No problem. It was a big headache for my team as well. One of us already reimplemented it from
scratch, as seen in this pending PR for our project. https://github.com/hailis/hail/pull/1895
Hopefully you find that useful. We'll hopefully try to PR that into Spark at some point.
Best,
John
Sent from my iPhone
> On Jun 14, 2017, at 8:28 PM, Anthony Thomas <ahthomas@eng.ucsd.edu> wrote:
>
> Interesting, thanks! That probably also explains why there seems to be a ton of shuffle
for this operation. So what's the best option for truly scalable matrix multiplication on
Spark then  implementing from scratch using the coordinate matrix ((i,j), k) format?
>
>> On Wed, Jun 14, 2017 at 4:29 PM, John Compitello <johnc@broadinstitute.org>
wrote:
>> Hey Anthony,
>>
>> You're the first person besides myself I've seen mention this. BlockMatrix multiply
is not the best method. As far as me and my team can tell, the memory problem stems from the
fact that when Spark tries to compute block (i, j) of the matrix, it tries to manifest all
of row i from matrix 1 and all of column j from matrix 2 in memory at once on one executor.

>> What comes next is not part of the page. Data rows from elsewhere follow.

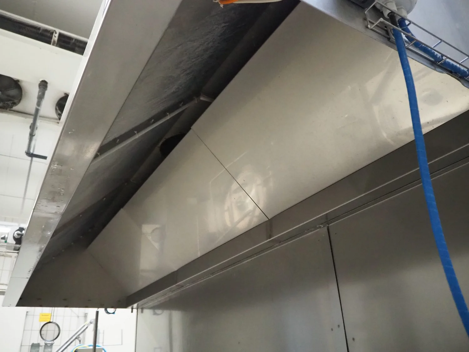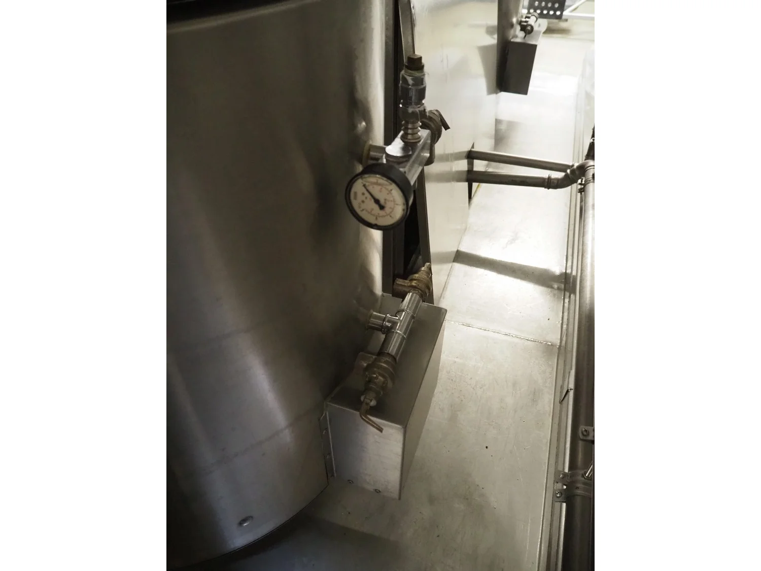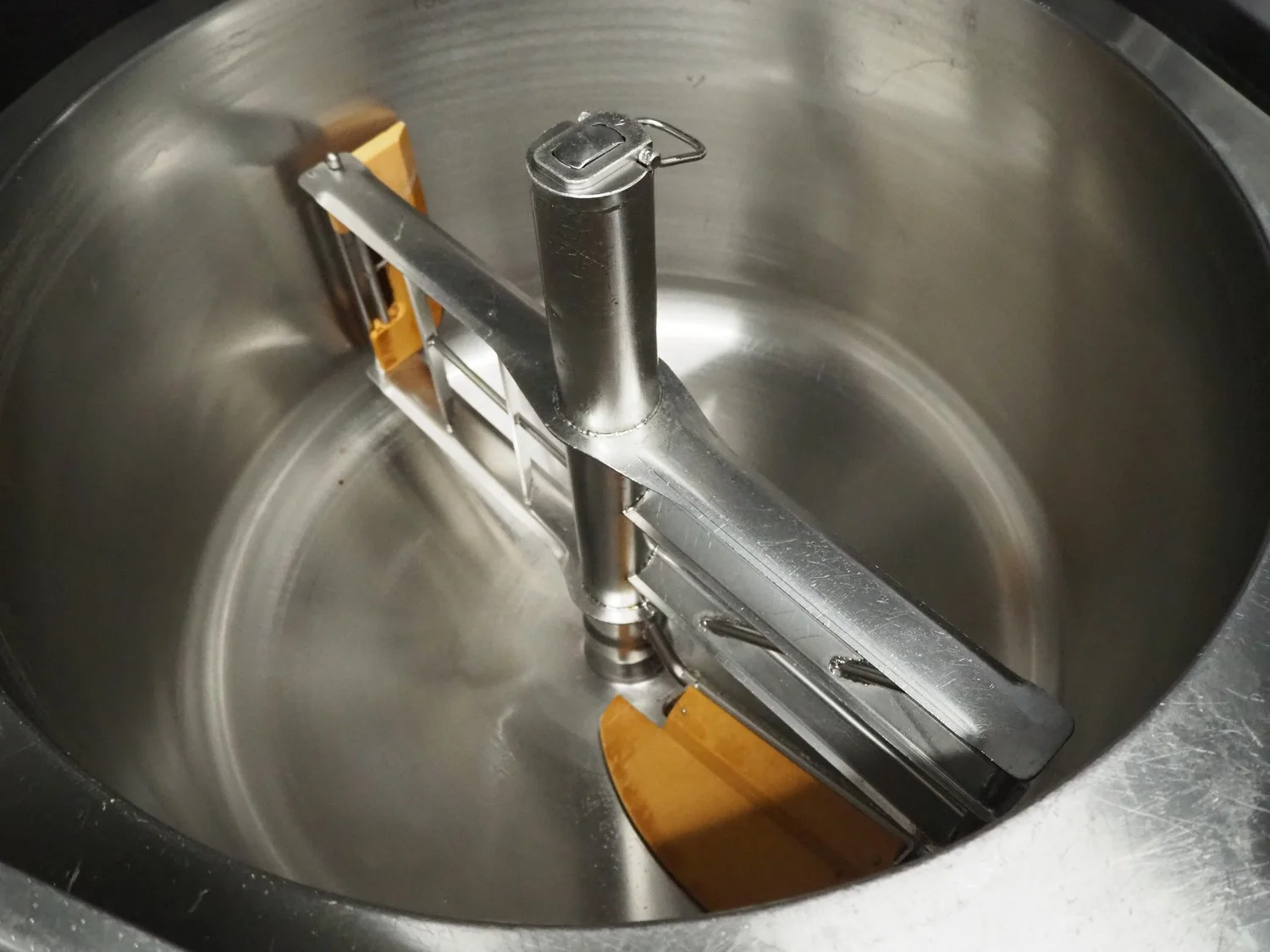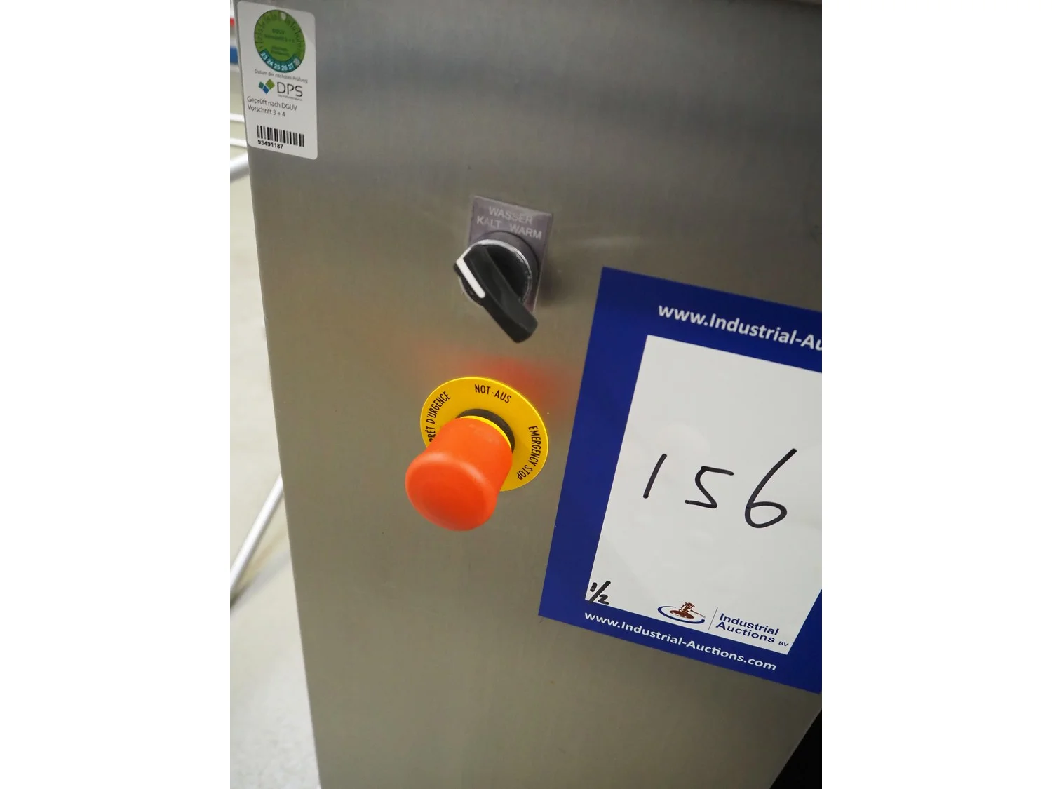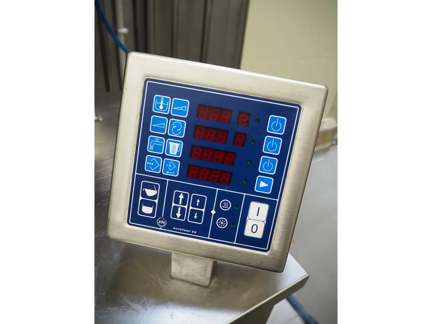 Joni A/S double cooking vessel with agitators and scrapers, model: OptiMix, year of construction: 2011, volume: (2x) 150 liter, 400 V, 3 Ph, 50 Hz, 8 A, 2.3 kW, heating: external steam generator, dimensions: 3500 mm x 900 mm x 1300 mm, s/s extractor hood, dimensions: 3350 mm x 1100 mm x 800 mm.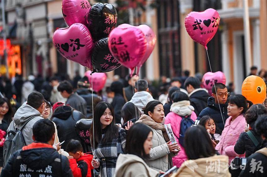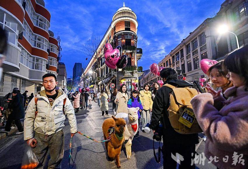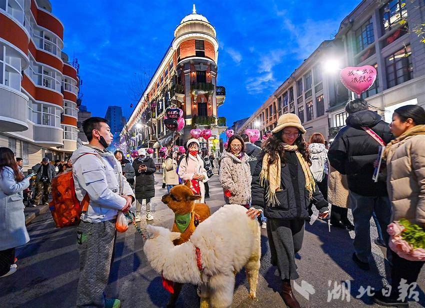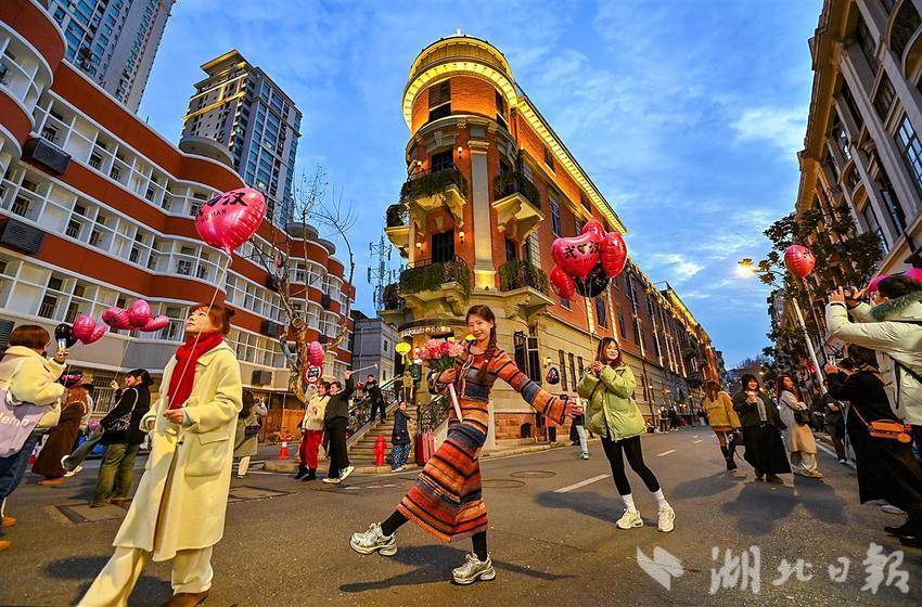 2月6日晚,位于武汉汉口历史风貌区的江汉路、中山大道、黎黄陂路、巴公房子热闹非凡,尤其是巴公房子,这座历史悠久的建筑吸引了众多游客。拿着气球、捧着鲜花的游客在此留下一张张倩影。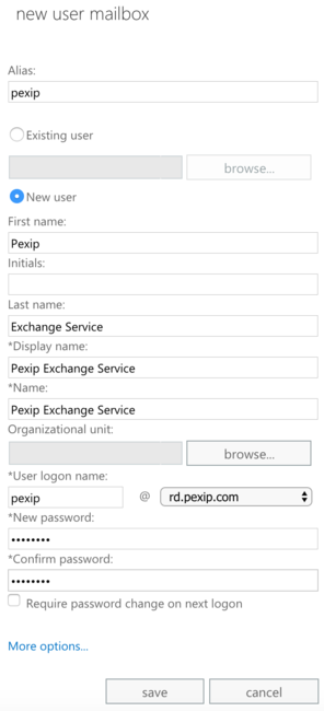 You need to provide the authentication credentials of this service account when configuring Pexip Infinity to integrate with a Microsoft Exchange deployment.

Then after doing that, it proceeds to combine them with a functional reduce, creating one
additional block for each pair. So you end up manifesting 3n + logn matrix blocks in memory
at once, which is why it sucks so much.
>>
>> Sent from my iPhone
>>
>>> On Jun 14, 2017, at 7:07 PM, Anthony Thomas <ahthomas@eng.ucsd.edu> wrote:
>>>
>>> I've been experimenting with MlLib's BlockMatrix for distributed matrix multiplication
but consistently run into problems with executors being killed due to memory constrains. The
linked gist (here) has a short example of multiplying a 25,000 x 25,000 square matrix taking
approximately 5G of disk with a vector (also stored as a BlockMatrix). I am running this on
a 3 node (1 master + 2 workers) cluster on Amazon EMR using the m4.xlarge instance type. Each
instance has 16GB of RAM and 4 CPU. The gist has detailed information about the Spark environment.
>>>
>>> I have tried reducing the block size of the matrix, increasing the number of
partitions in the underlying RDD, increasing defaultParallelism and increasing spark.yarn.executor.memoryOverhead
(up to 3GB)  all without success. The input matrix should fit comfortably in distributed
memory and the resulting matrix should be quite small (25,000 x 1) so I'm confused as to why
Spark seems to want so much memory for this operation, and why Spark isn't spilling to disk
here if it wants more memory. The job does eventually complete successfully, but for larger
matrices stages have to be repeated several times which leads to long run times. I don't encounter
any issues if I reduce the matrix size down to about 3GB. Can anyone with experience using
MLLib's matrix operators provide any suggestions about what settings to look at, or what the
hard constraints on memory for BlockMatrix multiplication are?
>>>
>>> Thanks,
>>>
>>> Anthony
>